Gracie has always had a thing for the brush. She sees one and starts bouncing off the walls! I brush her twice per week and its a wrestling match between the 2 of us and she often wins  She never lets me brush around the ears and now she has a big knot so please share any tips on keeping baby calm while brushing. Thank you


----------



## Vhuynh2 (Feb 13, 2012)

I have read here somewhere that if you have someone hold a spoon of peanut butter for them to lick, they'll let you brush them with no problem. It worked with my Molly but it gave her diarrhea. She also calms a bit if I let her chew on another brush, but it doesn't work as well as the PB. She thinks brushes are toys and that I'm playing with her when I brush her and won't hold still.


----------



## newport (Aug 8, 2011)

Lola loves brushing EXCEPT for her tail. I can do everything except that part of her anatomy. My husband has to hold her head so I can brush her tail once a week. I guess our "children" just know what they do not like and figure out how to make it very difficult.  Clipping Lola's nails is another battle of man against dog..... I win out but she does not make it easy on me!:doh:


----------



## bioteach (Nov 13, 2010)

The food distraction is a winner in this household. If PB is a problem, try some soft cheese or maybe mashed sweet potatoes or bananas. I try to stick the blob on the roof of Nugget's mouth so that he has to lick, lick, lick to get it all. 

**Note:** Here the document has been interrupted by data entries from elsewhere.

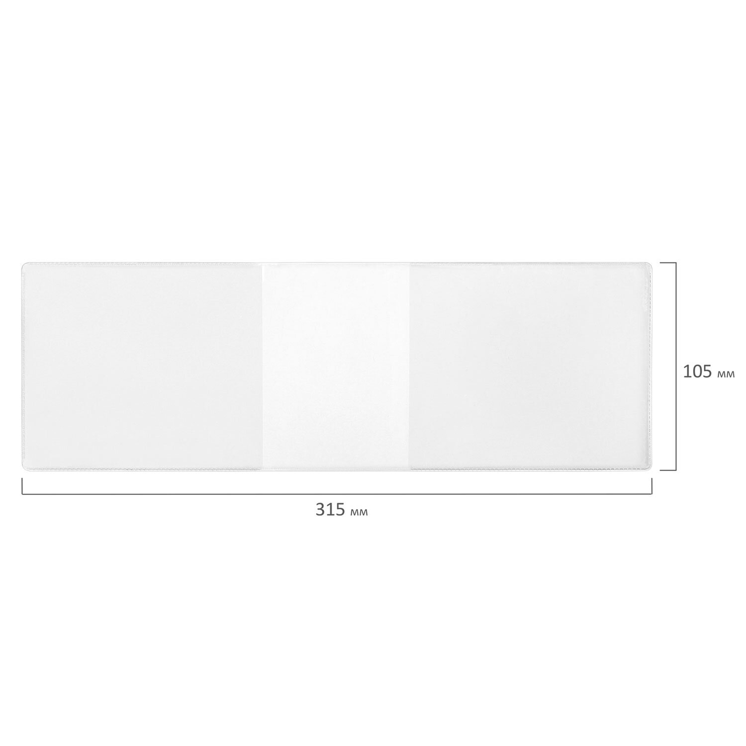Обложка выполнена из плотного ПВХ прозрачного цвета и имеет размер 105х315 мм.
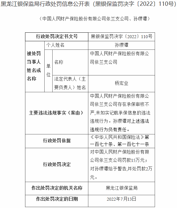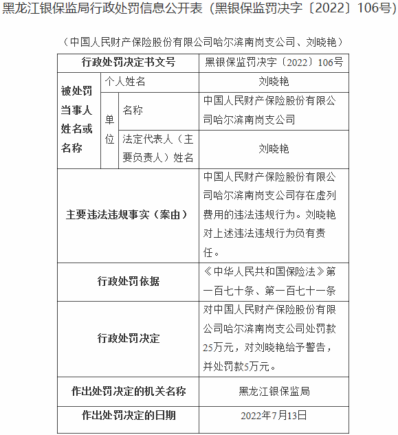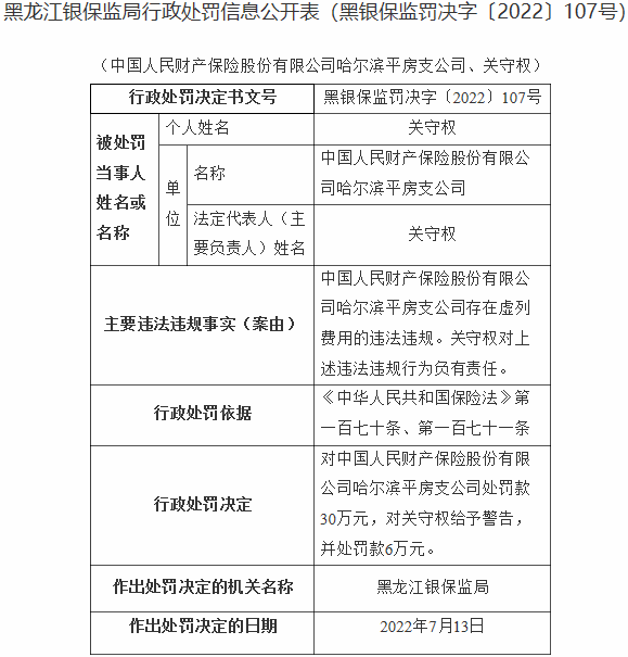 7月21日消息,中国银保监会网站于近日公布的黑龙江银保监局行政处罚信息公开表(黑银保监罚决字〔2022〕106号、107号、109号、110号、111号)显示,中国人民财产保险股份有限公司(以下简称“人保财险”)5家分支公司因存在因虚列费用、承保理赔审核不严等违法违规行为合计被罚120万。
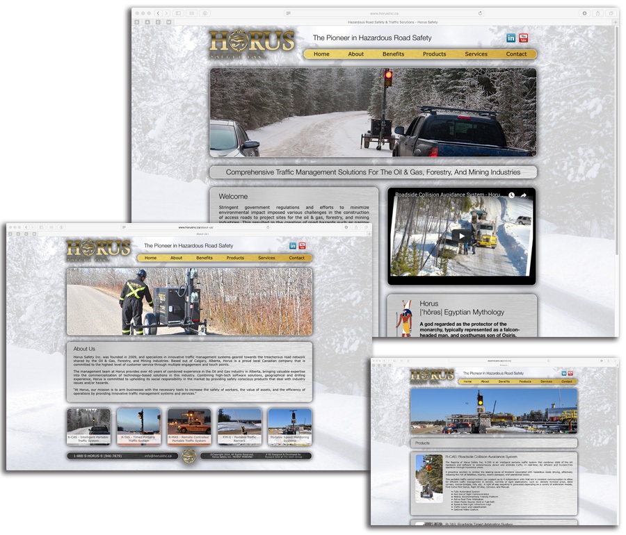The second design we did for Horus Safety, this one showcased the video work we did for them. Using brushed metal as background elements, this was a beautiful second version!
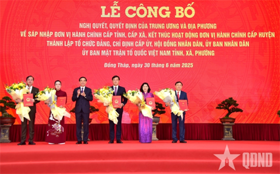 Sáng 30/6, tỉnh Đồng Tháp tổ chức Lễ công bố các nghị quyết, quyết định của Trung ương và địa phương về sáp nhập đơn vị hành chính cấp tỉnh, cấp xã; kết thúc hoạt động đơn vị hành chính cấp huyện, thành lập tổ chức đảng, chỉ định cấp ủy, HĐND, UBND, MTTQ tỉnh, xã, phường. Đại tướng Phan Văn Giang, Ủy viên Bộ Chính trị, Phó Bí thư Quân ủy Trung ương, Bộ trưởng Bộ Quốc phòng dự và chỉ đạo Lễ công bố.

If all else fails, perhaps a frozen Kong would be enough of a distraction to get the job done. I can't believe that the groomer doesn't charge double when she sees Nugget come in.


----------



## MikaTallulah (Jul 19, 2006)

Mine get brushed everyday but often it is only parts for Buddy. He is still getting used to brushing. 10-15 minutes but he will let me brush every place. I keep it short and sweet with him. No food required.

The yorkies are not happy but will stay to be combed and brushed. I have brushed them daily since they were practically born for Zoey, Lucy, and Roxy.


----------



## Jige (Mar 17, 2011)

BaWaaJige gets a little silly when I brush at the beginning but once I get down to business he just lays there. He like the brush except when he has burrs and he gets alot of those. I usually just use my fingers to work them out of his hair.


----------



## wmag (Mar 17, 2011)

I smear peanut butter on the fridge and brush while she licks it off. Most days I don't have to do that anymore but sometimes Kasey is in a mood and will not sit still!


----------